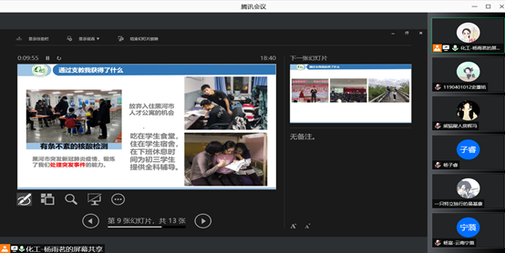 9月7日晚,太阳成城集团tyc234cc成功举办研究生支教团交流分享会。本次分享会在线上、线下同时进行,邀请到第十八届研究生支教团黑龙江队队长李宇蒙,第十九届研究生支教团云南队队长张勋和队员杨富与同学们分享支教经历与心路历程,辅导员杨雨茗老师出席本次会议,2018、2019级部分本科生参会。
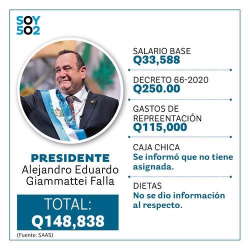 En el caso de Alejandro Giammattei, su salario mensual es de Q148,838.00, por lo que al finalizar su mandato habrá recibido Q7.1 millones (Q7,144,224.00)
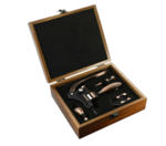 The five-piece Graze Wood and Metal Wine Set features a polished acacia wood case with metal accents for compact storage. Includes an ergonomic bottle opener, foil seal cutter, wine stopper and wine pourer.
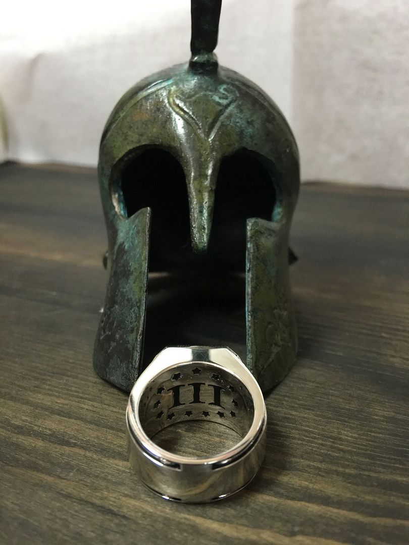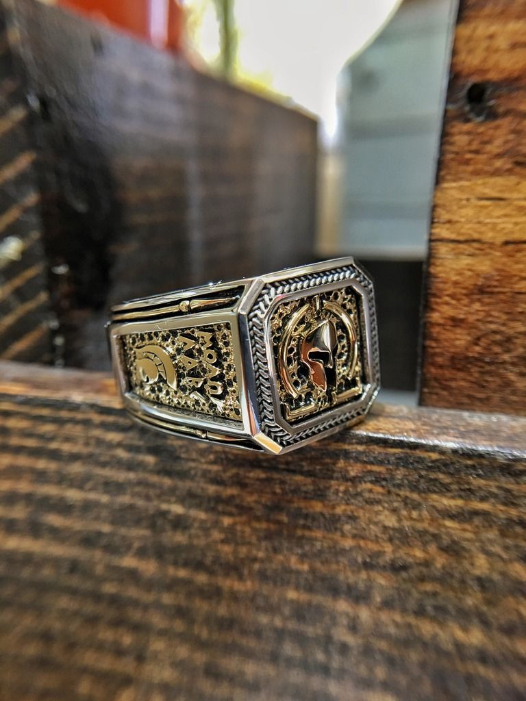 This Ring has taken me a year to develop in design and to manufacture. It is manufactured individually to each owner's size. It is fabricated in nickel free sterling silver. Make no mistake, it is a hefty piece and weighs approximately 1 ounce.
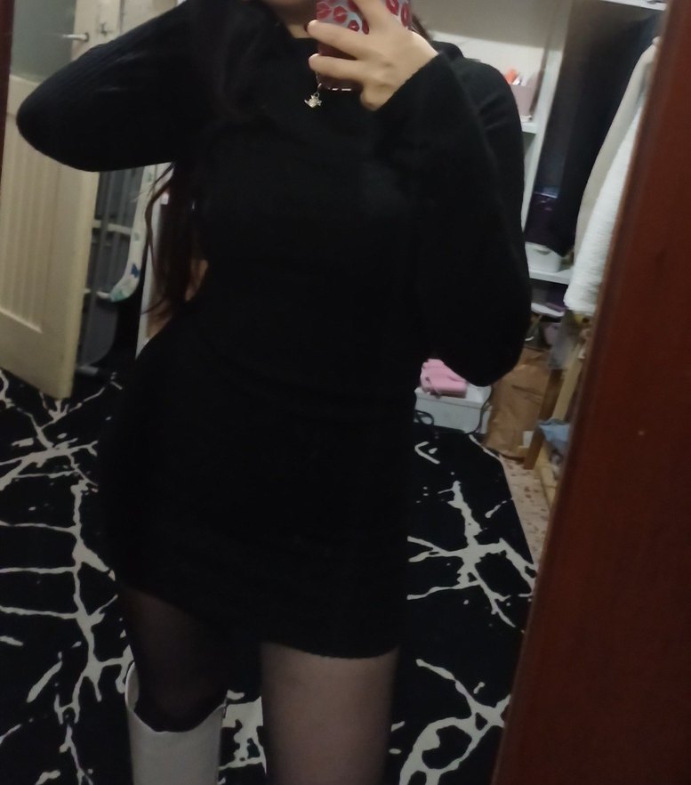 Siyah Yüksek Yakalı Uzun Kollu Mini Elbise
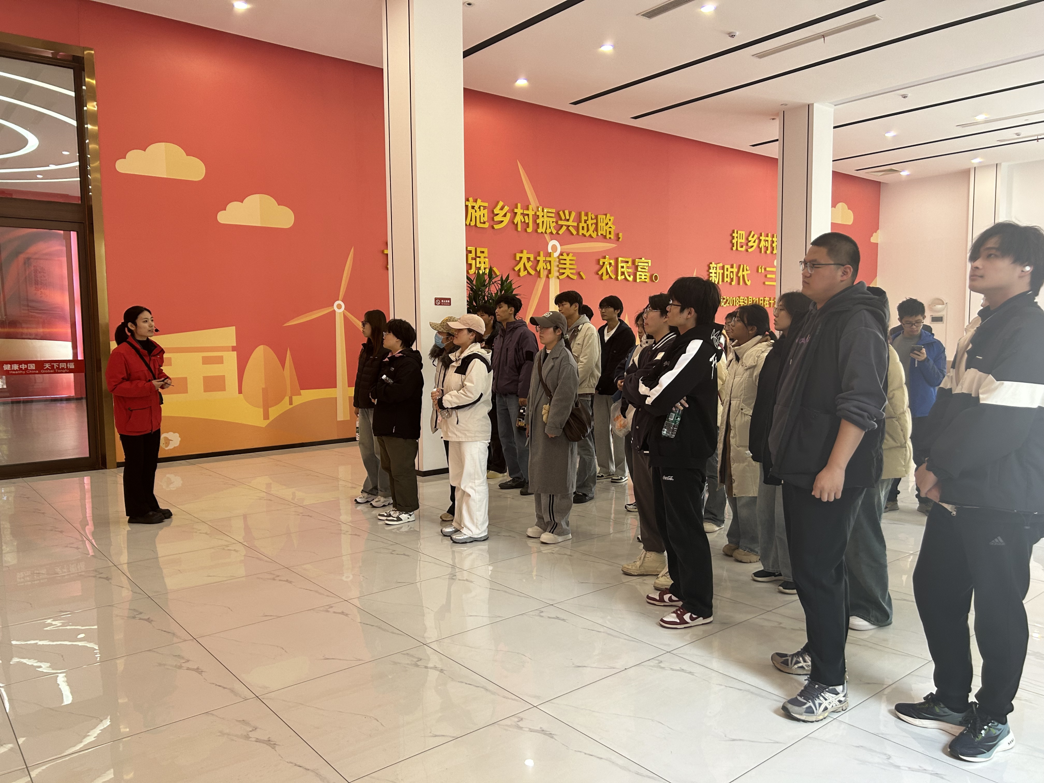 塔元庄村作为全国乡村振兴示范村,近年来以“农业产业化、养老市场化、旅游规范化”为发展主线,探索出“半城郊型”经济高质量发展路径。师生们首先参观了塔元庄同福乡村振兴模式展馆,通过展陈空间的实物展示、虚拟漫游等技术,系统了解该村与同福集团“村企银合作”的“六位一体”模式——以组织建设为保障、生态循环为基础、合作联盟为支撑、乡村文旅为纽带、田园康养为抓手、同福产业为核心,构建起一二三产深度融合的产业体系。
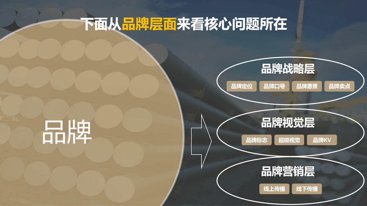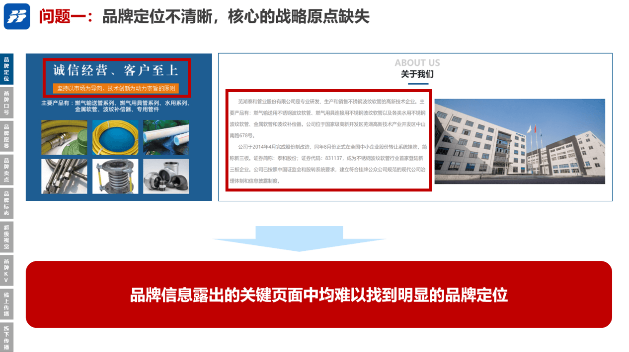 紧接着我们对品牌层面也进行了全面诊断,主要围绕战略层,视觉层和营销层进行分析。我们经过初步判断,发现品牌大定位体系中存在9大问题:
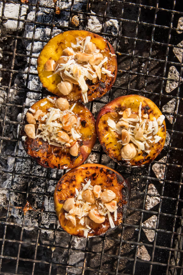 Lege die Nektarinen mit der Fleischseite nach unten auf den Grill, bis die Oberfläche eine schöne Farbe bekommt.
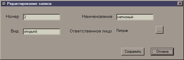 При редактировании записей таблицы появляется та же форма, что и при вводе, но уже с заполненными полями. Для этого считывается текущий номер заявки, на котором стоит курсор. Далее создается запрос к соответствующей таблице, из которой извлекаются все необходимые данные. Таким образом происходит заполнение полей. После редактирования записей при нажатии кнопки OK происходит обновление соответствующих полей в таблице. Данная операция описана ниже.

--*--

### Problem description
Repeat each entry precisely as it appears. Leave the pictures out.

### Answer
 9月7日晚,太阳成城集团tyc234cc成功举办研究生支教团交流分享会。本次分享会在线上、线下同时进行,邀请到第十八届研究生支教团黑龙江队队长李宇蒙,第十九届研究生支教团云南队队长张勋和队员杨富与同学们分享支教经历与心路历程,辅导员杨雨茗老师出席本次会议,2018、2019级部分本科生参会。
 En el caso de Alejandro Giammattei, su salario mensual es de Q148,838.00, por lo que al finalizar su mandato habrá recibido Q7.1 millones (Q7,144,224.00)
 The five-piece Graze Wood and Metal Wine Set features a polished acacia wood case with metal accents for compact storage. Includes an ergonomic bottle opener, foil seal cutter, wine stopper and wine pourer.
 This Ring has taken me a year to develop in design and to manufacture. It is manufactured individually to each owner's size. It is fabricated in nickel free sterling silver. Make no mistake, it is a hefty piece and weighs approximately 1 ounce.
 Siyah Yüksek Yakalı Uzun Kollu Mini Elbise
 塔元庄村作为全国乡村振兴示范村,近年来以“农业产业化、养老市场化、旅游规范化”为发展主线,探索出“半城郊型”经济高质量发展路径。师生们首先参观了塔元庄同福乡村振兴模式展馆,通过展陈空间的实物展示、虚拟漫游等技术,系统了解该村与同福集团“村企银合作”的“六位一体”模式——以组织建设为保障、生态循环为基础、合作联盟为支撑、乡村文旅为纽带、田园康养为抓手、同福产业为核心,构建起一二三产深度融合的产业体系。
 紧接着我们对品牌层面也进行了全面诊断,主要围绕战略层,视觉层和营销层进行分析。我们经过初步判断,发现品牌大定位体系中存在9大问题:
 Lege die Nektarinen mit der Fleischseite nach unten auf den Grill, bis die Oberfläche eine schöne Farbe bekommt.
 При редактировании записей таблицы появляется та же форма, что и при вводе, но уже с заполненными полями. Для этого считывается текущий номер заявки, на котором стоит курсор. Далее создается запрос к соответствующей таблице, из которой извлекаются все необходимые данные. Таким образом происходит заполнение полей. После редактирования записей при нажатии кнопки OK происходит обновление соответствующих полей в таблице. Данная операция описана ниже.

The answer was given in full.